* [Exercise requirements] Return the data that follows exactly as it appears. Pictures do not belong in the copy.

** Dataset excerpt follows **

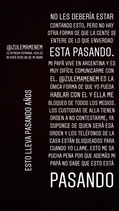 Según el joven, su media hermana Zulema lo tiene bloqueado, incluso de la casa de Carlos Menem, lo que imposibilita que Máximo tenga comunicación con su papá.
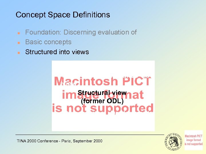 Concept Space Definitions n n n Foundation: Discerning evaluation of Basic concepts Structured into views Interaction Instance view Structural view (former ODL) Implementation Deployment view TINA 2000 Conference - Paris, September 2000
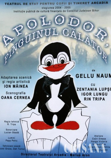 Aventurile pinguinului Apolodor au prins viața, prima dată, pe scena Teatrului Regina Maria, avându-i în distribuție pe actorii Corina Cernea și Igor Lungu. În anul 2005, maestrul Ion Mâinea decide să transfere spectacolul în palmaresul Teatrului Arcadia, refăcând distribuția cu Zentania Lupșe, Igor Lungu și Rin Tripa. Textul hazliu și sensibil deopotrivă, mesajul profund și ritmul antrenant fac din „Apolodor, pinguinul călător” un spectacol fără vârstă, care cucerește generații de copii, indiferent de spațiu și timp. Astfel, directorul artistic al trupei Arcadia, Sebastian Lupu, care semnează și coordonarea artistică a spectacolului, a decis să-i dea acestui proiect un suflu nou, perfect adaptat zilelor noastre.

** End of Dataset excerpt **

* [Exercise answer]
 Según el joven, su media hermana Zulema lo tiene bloqueado, incluso de la casa de Carlos Menem, lo que imposibilita que Máximo tenga comunicación con su papá.
 Concept Space Definitions n n n Foundation: Discerning evaluation of Basic concepts Structured into views Interaction Instance view Structural view (former ODL) Implementation Deployment view TINA 2000 Conference - Paris, September 2000
 Aventurile pinguinului Apolodor au prins viața, prima dată, pe scena Teatrului Regina Maria, avându-i în distribuție pe actorii Corina Cernea și Igor Lungu. În anul 2005, maestrul Ion Mâinea decide să transfere spectacolul în palmaresul Teatrului Arcadia, refăcând distribuția cu Zentania Lupșe, Igor Lungu și Rin Tripa. Textul hazliu și sensibil deopotrivă, mesajul profund și ritmul antrenant fac din „Apolodor, pinguinul călător” un spectacol fără vârstă, care cucerește generații de copii, indiferent de spațiu și timp. Astfel, directorul artistic al trupei Arcadia, Sebastian Lupu, care semnează și coordonarea artistică a spectacolului, a decis să-i dea acestui proiect un suflu nou, perfect adaptat zilelor noastre.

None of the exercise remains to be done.